→ Task requirements
Although the records contain pictures, only their text should be reproduced, exactly as written.

#### Extracted records

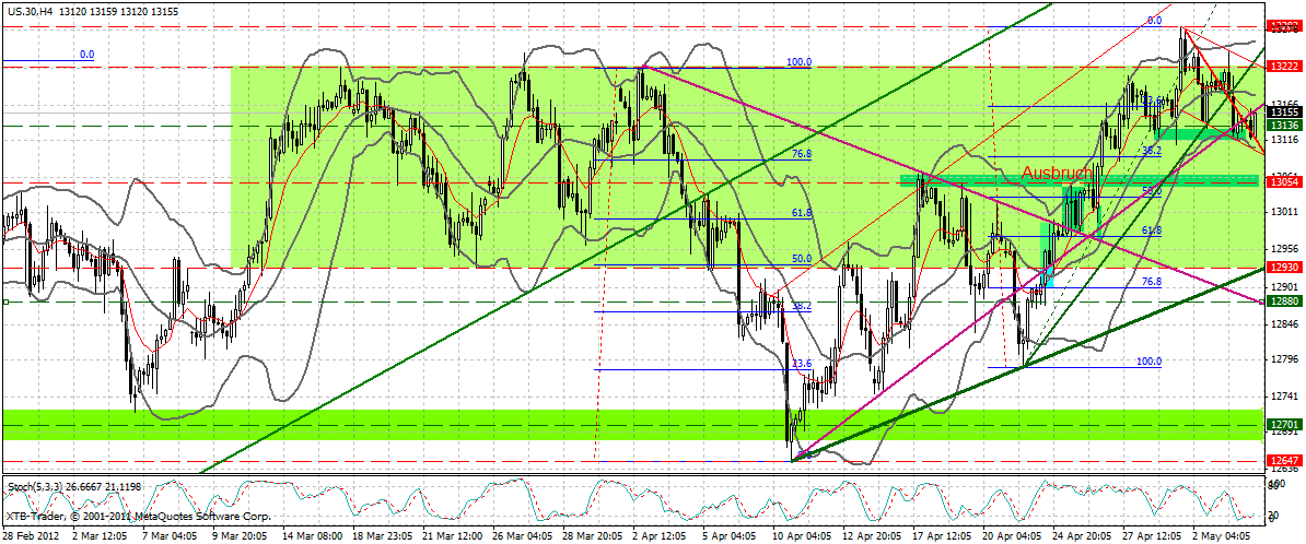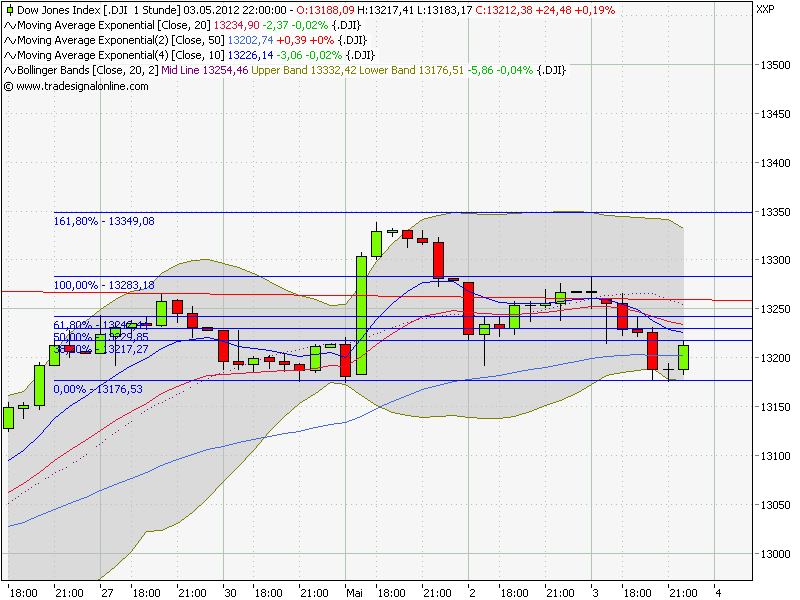 aktuell testet der DJ F die fallende EMA 9 240iger  sowie den temporär gebrochenen AUTK . Gelingt eine Rückeroberung ist damit zugleich der fallende Keil ausgelöst  und es geht mindestens zur oberen Flaggenbegrenzung bei 13222 F. Ist aber schon ein Indiz auf das mögliche Flaggeende.
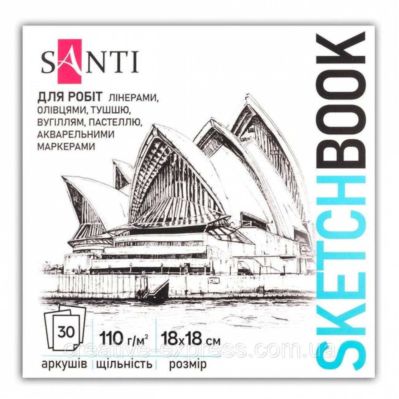 Скетчбук SANTI для графіки, “City” 18х18см, 30 арк., склейка, 110г/м2
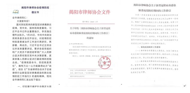 为进一步落实国家对新型冠状病毒感染的肺炎疫情防控工作部署,全面落实省突发公共卫生事件一级响应,确保广大律师及相关工作人员安全健康。按照市委、市政府工作部署及省司法厅、省律协、市司法局相关工作要求,揭阳市律师协会于1月29日向全市律师发布《揭阳市律师协会疫情防控倡议书》,并于2月3日制定《关于新型冠状病毒感染肺炎疫情防控期间的工作指引》,要求全市律师行业通力合作,共同做好疫情防控工作指导、工作场所疫情防控、从业主体疫情防控等工作,严格控制举办集体聚集活动,建立疫情防控工作保障机制。
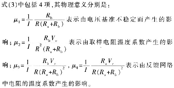 由于選取的取樣電阻R為歐姆級,而(Ra+Rb)為數(shù)十千歐姆級,因此有:μ2>μ1>μ3≈μ4,這說明影響輸出電流穩(wěn)定度的主要因素是取樣電阻的溫度系數(shù)和電壓基準(zhǔn)的穩(wěn)定度。在本恒流源中,選用取樣電阻精度是0.1%,溫度系數(shù)是±2.5×10-5/℃,電壓基準(zhǔn)的溫度系數(shù)小于1×10-6/℃。
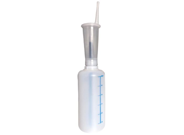 Une légère pression de la bouteille suffit pour amener le liquide dans le verre gradué dans la quantité exacte souhaitée.

########

→ Answer box
 aktuell testet der DJ F die fallende EMA 9 240iger  sowie den temporär gebrochenen AUTK . Gelingt eine Rückeroberung ist damit zugleich der fallende Keil ausgelöst  und es geht mindestens zur oberen Flaggenbegrenzung bei 13222 F. Ist aber schon ein Indiz auf das mögliche Flaggeende.
 Скетчбук SANTI для графіки, “City” 18х18см, 30 арк., склейка, 110г/м2
 为进一步落实国家对新型冠状病毒感染的肺炎疫情防控工作部署,全面落实省突发公共卫生事件一级响应,确保广大律师及相关工作人员安全健康。按照市委、市政府工作部署及省司法厅、省律协、市司法局相关工作要求,揭阳市律师协会于1月29日向全市律师发布《揭阳市律师协会疫情防控倡议书》,并于2月3日制定《关于新型冠状病毒感染肺炎疫情防控期间的工作指引》,要求全市律师行业通力合作,共同做好疫情防控工作指导、工作场所疫情防控、从业主体疫情防控等工作,严格控制举办集体聚集活动,建立疫情防控工作保障机制。
 由于選取的取樣電阻R為歐姆級,而(Ra+Rb)為數(shù)十千歐姆級,因此有:μ2>μ1>μ3≈μ4,這說明影響輸出電流穩(wěn)定度的主要因素是取樣電阻的溫度系數(shù)和電壓基準(zhǔn)的穩(wěn)定度。在本恒流源中,選用取樣電阻精度是0.1%,溫度系數(shù)是±2.5×10-5/℃,電壓基準(zhǔn)的溫度系數(shù)小于1×10-6/℃。
 Une légère pression de la bouteille suffit pour amener le liquide dans le verre gradué dans la quantité exacte souhaitée.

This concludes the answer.